___ Dataset entries ___

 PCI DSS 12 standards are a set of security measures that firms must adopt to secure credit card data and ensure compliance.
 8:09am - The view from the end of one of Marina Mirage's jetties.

___
___ Dataset entries ___

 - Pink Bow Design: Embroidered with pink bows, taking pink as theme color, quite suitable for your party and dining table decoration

___

Exercise requirements: All that is wanted is an exact copy of the lines above from the one with "PCI DSS 12 standards" through the one with "8:09am - The", with both ends included.

Answer box:
 PCI DSS 12 standards are a set of security measures that firms must adopt to secure credit card data and ensure compliance.
 8:09am - The view from the end of one of Marina Mirage's jetties.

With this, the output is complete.